Covering all disciplines of the Earth, planetary and space sciences, EGU is one of the key events for C-SCALE. Charis Chatzikyriakou presented the project to EGU participants with her “C-SCALE: A new Data and Compute Federation for Earth Observation” talk, explaining how the C-SCALE federation works, providing pan-European federated data and computing infrastructure services for Copernicus, its wide inventory of more FAIR (Findable, Accessible, Interoperable, and Reusable) Earth Observation data and how it supports the analysis of this data with data sharing and processing infrastructure.
Through the provision of massive streams of high-resolution Earth Observation data, the EU Copernicus programme has established itself globally as the predominant spatial data provider. These data are widely used by research communities to monitor and address global challenges, such as environmental monitoring and climate change, supporting European policy initiatives, such as the Green Deal and others. To date, there is no single European data sharing and processing infrastructure that serves all datasets of interest, and Europe is falling behind international developments in Big Data analytics and computing.
The C-SCALE project federates European EO infrastructure services, such as ESA’s Sentinel Collaborative Ground Segment, the Copernicus DIASes (Data and Information Access Services under the EC), independent nationally-funded EO service providers, and European Open Science Cloud (EOSC) e-infrastructure providers. It capitalises on EOSC’s capacity and capabilities to support Copernicus research and operations with large and easily accessible European computing environments. The project will implement and publish the C-SCALE Federation in the EOSC Portal as a suite of complementary services that can be easily exploited. It will consist of a Data Federation, a service providing access to a large EO data archive, a Compute Federation, and analytics tools.

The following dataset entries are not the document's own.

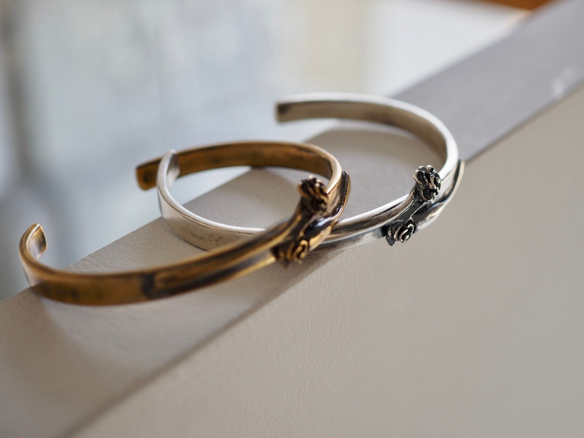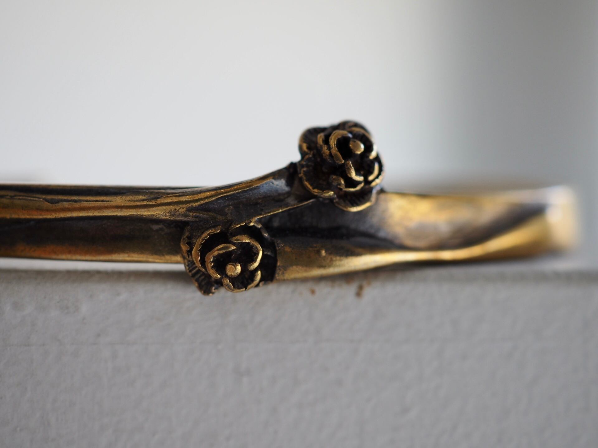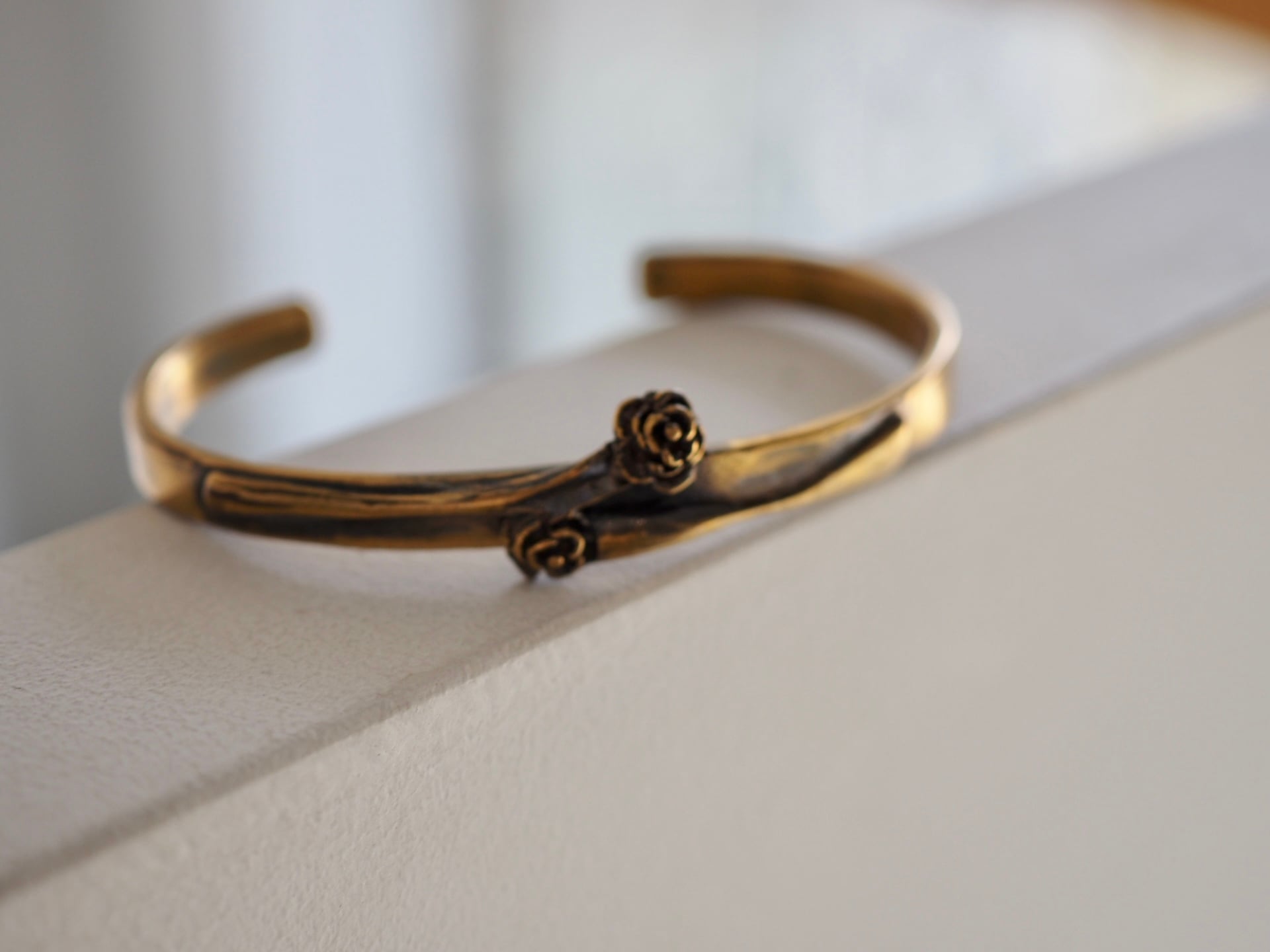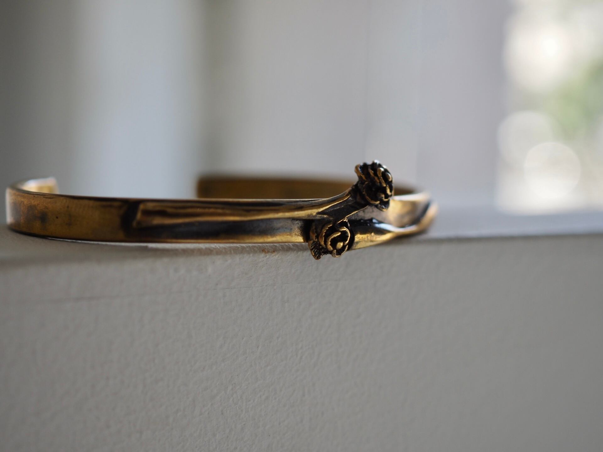 真鍮に燻し加工を施しアンティークのような味わいに。ゴールドの色にだんだんと深みが増します。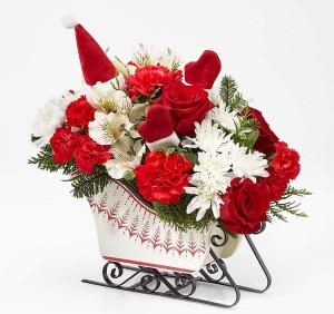 Ride into the season with a joyful burst of holiday blooms! A modern, fresh take on the traditional sleigh arrangement, we bring together red roses, red carnations, and red mini carnations, offset by snowy white Peruvian lilies and chrysanthemums, accented with an assortment of Christmas greens. Presented in a white holiday sleigh. Send holiday cheer in the form of a festive holiday arrangement with an assortment of white and red flowers in a hand–painted sleigh, this holiday flower arrangement is set to send your warmest yuletide wishes to friends and family no matter the distance. Sleigh is approx 9½W x 3 ¾"D x 6 ¼H.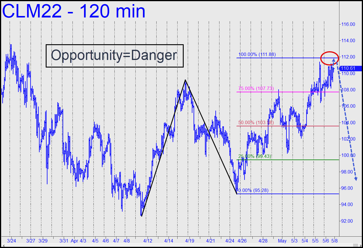 Two days of pussyfooting an inch from my 111.88 target has killed my enthusiasm for getting short there. Although I would ordinarily view the week’s pooch-screwing price action as consolidating for an upthrust, I’m still tempted to use the target to get short as originally planned. It can be done with an rABC set-up using an a-b interval as tight as 40 cents. If you understand this instruction, you’re qualified to do the trade. If it gets stopped out, take it as a hint of more upside to at least 116.25, or 124.87 if any higher. ______ UPDATE (May 9, 6:20 p.m.): The futures could have been shorted with an rABC set-up as advised, but only after applying imaginative genius, since they never even got close to 111.88 before tanking.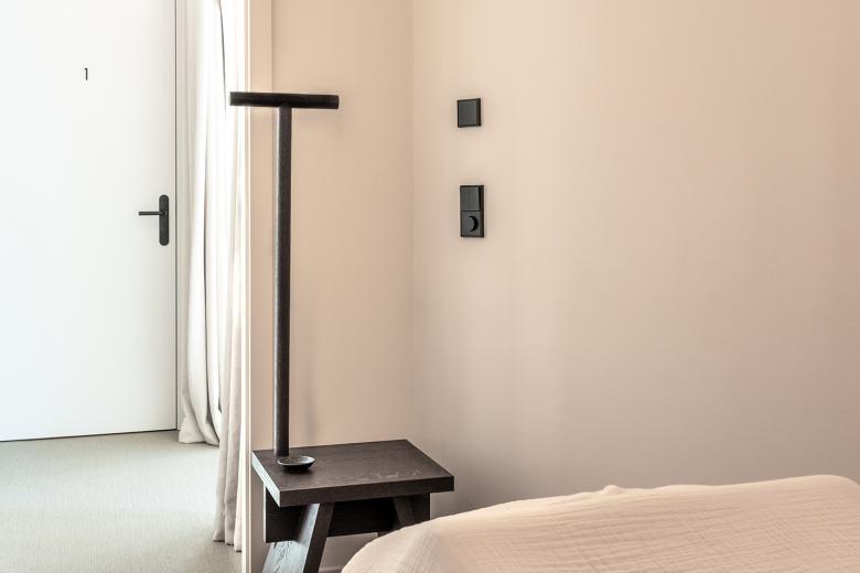 Die Technik bleibt dezent im Hintergrund und unterstützt die Atmosphäre auf subtile Weise. Die JUNG Schalter und Steckdosen der Serie LS 990 in Graphitschwarz matt fügen sich mit ihrer mattierten Oberfläche stimmig in das Gestaltungskonzept ein. Dimmer ermöglichen eine flexible Lichtsteuerung, die perfekt auf die unterschiedlichen Bedürfnisse der Massageräume abgestimmt ist.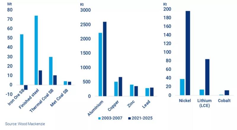 鋁、銅、鎳、鋰和鈷的絕對增長都將超過上個(gè)超級周期。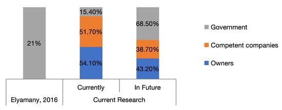 The Egyptian construction industry is characterized by being highly dynamic. After many years of recession, the industry has seen a boom since the 1980s moving towards the 2010s, with a growth of about 9% in 2015, and 8% in 2016 [72,73]. Investments in the Egyptian construction industry are mainly from the private sector, with a range from 75% in 2015 to 60% in 2016 [74]. Also, the total investments in 2016 in the construction sector increased three times more than the value in 2015 [74]. Government projects represent 50–80% of the projects in Egypt—half of which is financed by foreign entities, while the other half is locally financed [75].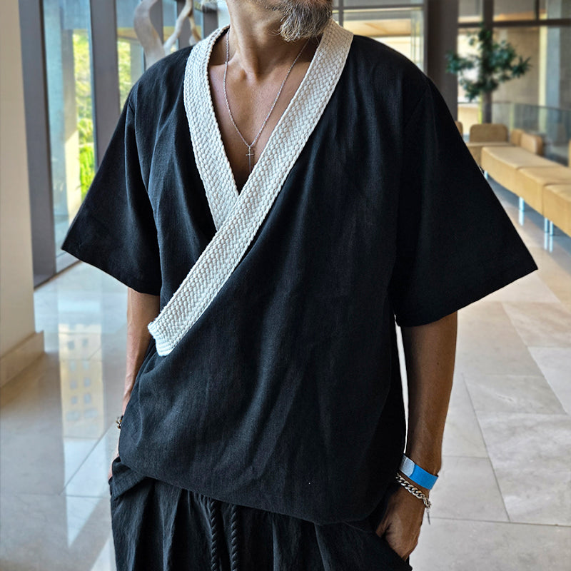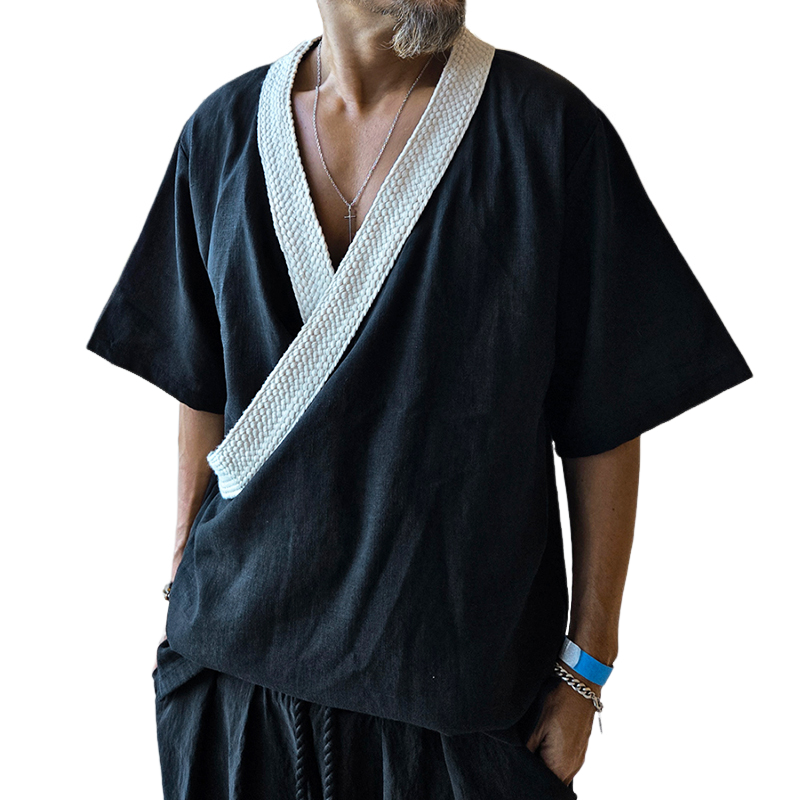 Description:Embrace timeless style with our Men's Retro Casual Splicing Linen V-Neck Short Sleeve Shirt. Perfect for warm weather, this shirt combines comfort with a touch of vintage flair, making it an ideal choice for casual outings, beach trips, or relaxed gatherings.

The C-SCALE Data Federation aims at making EO data providers under EOSC findable, their metadata databases searchable, and their product storage accessible. While a centralised, monolithic, complete Copernicus data archive may not be feasible, some organisations maintain various archives for limited areas of their interest. C-SCALE, therefore, integrates these heterogeneous resources into a “system of systems” that will offer the users an interface that, in most cases, provides similar functionality and quality of service as a centralised, monolithic data archive would. The federation is built on existing technologies, avoiding redundancy and replication of functions and not disrupting existing usage patterns at participating sites, instead only adding a simple layer for improved discovery and seamless access.
At the same time, the C-SCALE Compute Federation provides access to a wide range of computing providers (IaaS VMs, container orchestration platforms, HPC and HTC systems) to enable the analysis of Copernicus and EO data under EOSC. The design of the federation allows users to deploy their applications using federated authentication mechanisms, find their software under a common catalogue, and have access to data using C-SCALE Data Federation tools. The federation relies on existing tools and services already compliant with EOSC, thus facilitating the integration into the larger EOSC ecosystem.
By making such a scalable Big Copernicus Data Analytics federated services available through EOSC and its Portal and linking the problems and results with experience from other research disciplines, C-SCALE helps to support the EO sector in its development. By abstracting the set-up of computing and storage resources from the end-users, it enables the deployment of custom workflows to generate meaningful results quickly and easily. Furthermore, the project will deliver a blueprint, setting up an interaction model between service providers to facilitate interoperability between commercial and public cloud infrastructures.